Best Practices¶
Guidelines for building reliable, high-performance applications with FoundationDB.
Transaction Design¶
Keep Transactions Short¶
Transactions should complete quickly—ideally under 5 seconds. Long transactions are more likely to conflict and be retried.
# ✅ Good: Small, focused transaction
@fdb.transactional
def update_user_email(tr, user_id, new_email):
tr[user_key(user_id, 'email')] = new_email
# ❌ Bad: Doing too much in one transaction
@fdb.transactional
def process_all_users(tr):
for user_id in get_all_user_ids(tr): # Could be millions!
process_user(tr, user_id)
Use the @transactional Decorator¶
Always use the transaction decorator (or equivalent) to handle automatic retries:
Avoid Read-Your-Writes When Possible¶
Reading keys you've written in the same transaction works, but it can increase conflict rates:
# ✅ Better: Compute locally if you can
@fdb.transactional
def increment(tr, key, amount):
old = int(tr[key] or b'0')
new = old + amount
tr[key] = str(new).encode()
return new # Return computed value, don't re-read
# 🆗 Works, but may increase conflicts
@fdb.transactional
def increment_and_verify(tr, key, amount):
old = int(tr[key] or b'0')
tr[key] = str(old + amount).encode()
return int(tr[key]) # Re-reading what we wrote
Key Design¶
Use the Tuple Layer¶
Always encode composite keys with the tuple layer—never construct keys manually:
# ✅ Good: Uses tuple layer
from fdb import Subspace
users = Subspace(('users',))
key = users.pack((user_id, 'profile', 'email'))
# ❌ Bad: Manual key construction
key = f"users/{user_id}/profile/email".encode() # Not order-preserving!
Keep Keys Short¶
Short keys improve performance. Target under 32 bytes when practical, never exceed 10KB.
| Approach | Key Size |
|---|---|
('u', user_id) | ~10-20 bytes ✅ |
('users', user_id) | ~15-25 bytes ✅ |
('application', 'users', 'data', user_id) | ~40+ bytes ⚠️ |
Design for Range Reads¶
Structure keys so related data is adjacent.

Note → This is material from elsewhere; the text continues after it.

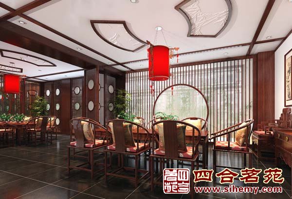 雅間二:雅間靠窗的花格可從月門出,將后面窗戶開啟。當微風輕拂,透過白沙,竹影朦朧飄渺,好像賦予了天棚上雕刻竹簡生命,回味無窮。房間整體設計,采用園林式借景為背景,意境深遠,淡定,輕松。
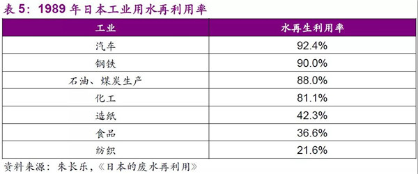 日本工業(yè)用水消耗量隨工業(yè)化發(fā)展迅速提升,1989年工業(yè)水消耗量達(dá)到1.44億立方米/日,耗水大戶為化工、鋼鐵、造紙,占總量約70%左右。1965年工業(yè)水的再利用率僅為36%,日本從改革生產(chǎn)工藝入手,盡量采用資源利用率高、污染物排放量少的先進(jìn)工藝,最大限度地利用水資源,使得再利用率在1975年達(dá)到67%、1989年進(jìn)一步達(dá)到76%;行業(yè)方面,汽車、石油、煤炭工業(yè)和化學(xué)工業(yè)都具有高水再生利用率,而紡織、食品、造紙工業(yè)的水再生利用率較低,原因在于前者冷卻、空調(diào)等用水易于回收,而后者常為洗滌用水,較難以處理。(朱長(zhǎng)樂(lè),《日本的廢水再利用》)

Put the most commonly filtered attribute first:
# Query pattern: "all orders for a customer"
# ✅ Customer first enables efficient range read
orders = Subspace(('orders',))
key = orders.pack((customer_id, order_id))
# Now you can get all orders for a customer:
for k, v in tr[orders.range((customer_id,))]:
...
Value Design¶
Keep Values Under 10KB¶
While values can be up to 100KB, performance is best under 10KB. For larger data, use the Blob pattern.
Pack Multiple Small Values¶
If you frequently read several tiny values together, consider combining them:
# ❌ Many tiny reads
email = tr[user['email']]
name = tr[user['name']]
created = tr[user['created']]
# ✅ Single read, unpack locally
profile = fdb.tuple.unpack(tr[user['profile']])
email, name, created = profile[0], profile[1], profile[2]
Conflict Avoidance¶
Use Atomic Operations¶
For counters and accumulators, use atomic operations to avoid conflicts:
# ✅ Atomic add - no read conflict
tr.add(counter_key, struct.pack('<q', 1))
# ❌ Read-modify-write - causes conflicts under contention
value = int(tr[counter_key] or b'0')
tr[counter_key] = str(value + 1).encode()
Use Snapshot Reads for Non-Critical Data¶
When you don't need the read to cause conflicts (e.g., getting an approximate count), use tr.snapshot. Snapshot reads don't add conflict ranges, which has two benefits: fewer transaction conflicts and they don't count toward the 10 MB transaction size limit.
This makes snapshot reads ideal for large scans or analytics within a transaction:
@fdb.transactional
def enqueue(tr, value):
# Snapshot read for index - doesn't add to read conflict ranges
last = last_index_snapshot(tr)
tr[queue[last + 1][random_id()]] = value
def last_index_snapshot(tr):
r = queue.range()
for k, _ in tr.snapshot.get_range(r.start, r.stop, limit=1, reverse=True):
return queue.unpack(k)[0]
return 0
Scan wide, lock narrow
You can mix snapshot and regular reads in the same transaction. Use tr.snapshot to scan broadly for candidates (no conflict ranges added), then use a regular tr[key] read to "lock" just the item you want to act on. This way multiple workers can scan the same range without conflicting—only workers that pick the same item conflict. See the full example in Transactions.
Shard Hot Keys¶
If a single key is updated frequently, split it:
# ❌ Hot key - all increments conflict
tr.add(b'global_counter', struct.pack('<q', 1))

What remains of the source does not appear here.